The query plan for this query is (thanks to the hint) a three-way index hash join:

-----------------------------------------------------------------------------
| Id  | Operation                | Name             | Rows  | Bytes | Cost  |
-----------------------------------------------------------------------------
|   0 | SELECT STATEMENT         |                  |     1 |    12 |    74 |
|   1 |  SORT AGGREGATE          |                  |     1 |    12 |       |
|*  2 |   VIEW                   | index$_join$_001 |     1 |    12 |    74 |
|*  3 |    HASH JOIN             |                  |       |       |       |
|*  4 |     HASH JOIN            |                  |       |       |       |
|*  5 |      INDEX FAST FULL SCAN| IJ_V1            |     1 |    12 |    18 |
|*  6 |      INDEX FAST FULL SCAN| IJ_V2            |     1 |    12 |    18 |
|*  7 |     INDEX FAST FULL SCAN | IJ_V3            |     1 |    12 |    18 |
-----------------------------------------------------------------------------

Predicate Information (identified by operation id):
---------------------------------------------------
   2 - filter("VAL1">=100 AND "VAL1"<=200 AND "VAL2">=50 AND
              "VAL2"<=150 AND "VAL3">=250 AND "VAL3"<=550)
   3 - access(ROWID=ROWID)
   4 - access(ROWID=ROWID)
   5 - filter("VAL1"<=200 AND "VAL1">=100)
   6 - filter("VAL2"<=150 AND "VAL2">=50)
   7 - filter("VAL3"<=550 AND "VAL3">=250)

But what if you know the data better than Oracle, and know that the join order for the three indexes should be different – there are no extra direct hints you can add to the code to tell Oracle the best order for the hash join. (You might, of course, be able to make use of the cardinality() hint – or plan around with the undocumented, hence unsupported, opt_estimate() or column_stats() or index_stats() hints, but I wouldn’t be keen to use such an indirect approach.)

But you CAN rewrite the query to get the same mechanism working under your control.

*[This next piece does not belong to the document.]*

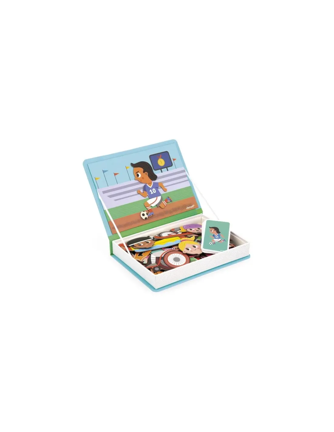 Découvrez le Magnetibook Sports de Janod, un jeu éducatif magnétique pour les enfants de 3 à 8 ans, qui vont reconstituer des sportifs avec des magnets.

The code looks more complex – but we often have to make a trade between clarity (simplicity) and speed in critical cases, so you may find some examples where the complexity is acceptable:

select
	count(*)
from
	(
	select
		/*+ no_merge */
		rowid
	from
		indjoin		ij
	where
		val1 between 100 and 200
	)	v1,
	(
	select
		/*+ no_merge */
		rowid
	from
		indjoin		ij
	where
		val2 between 50 and 150
	)	v2,
	(
	select
		/*+ no_merge */
		rowid
	from
		indjoin		ij
	where
		val3 between 250 and 550
	)	v3
where
	v2.rowid = v1.rowid
and	v3.rowid = v1.rowid
;

It’s another example of referencing a table twice (or three times) in the query because multiple references allow you to define a better execution path than a single reference. The execution we get from this plan (running under 10.2.0.3) is as follows:


------------------------------------------------------------------
| Id  | Operation                | Name  | Rows  | Bytes | Cost  |
------------------------------------------------------------------
|   0 | SELECT STATEMENT         |       |     1 |    36 |    14 |
|   1 |  SORT AGGREGATE          |       |     1 |    36 |       |
|*  2 |   HASH JOIN              |       |   102 |  3672 |    14 |
|*  3 |    HASH JOIN             |       |   102 |  2448 |     9 |
|   4 |     VIEW                 |       |   102 |  1224 |     4 |
|*  5 |      INDEX FAST FULL SCAN| IJ_V1 |   102 |  1632 |     4 |
|   6 |     VIEW                 |       |   102 |  1224 |     4 |
|*  7 |      INDEX FAST FULL SCAN| IJ_V2 |   102 |  1632 |     4 |
|   8 |    VIEW                  |       |   302 |  3624 |     4 |
|*  9 |     INDEX FAST FULL SCAN | IJ_V3 |   302 |  4832 |     4 |
------------------------------------------------------------------

Predicate Information (identified by operation id):
---------------------------------------------------
   2 - access("V3".ROWID="V1".ROWID)
   3 - access("V2".ROWID="V1".ROWID)
   5 - filter("VAL1">=100 AND "VAL1"<=200)
   7 - filter("VAL2">=50 AND "VAL2"<=150)
   9 - filter("VAL3">=250 AND "VAL3"<=550)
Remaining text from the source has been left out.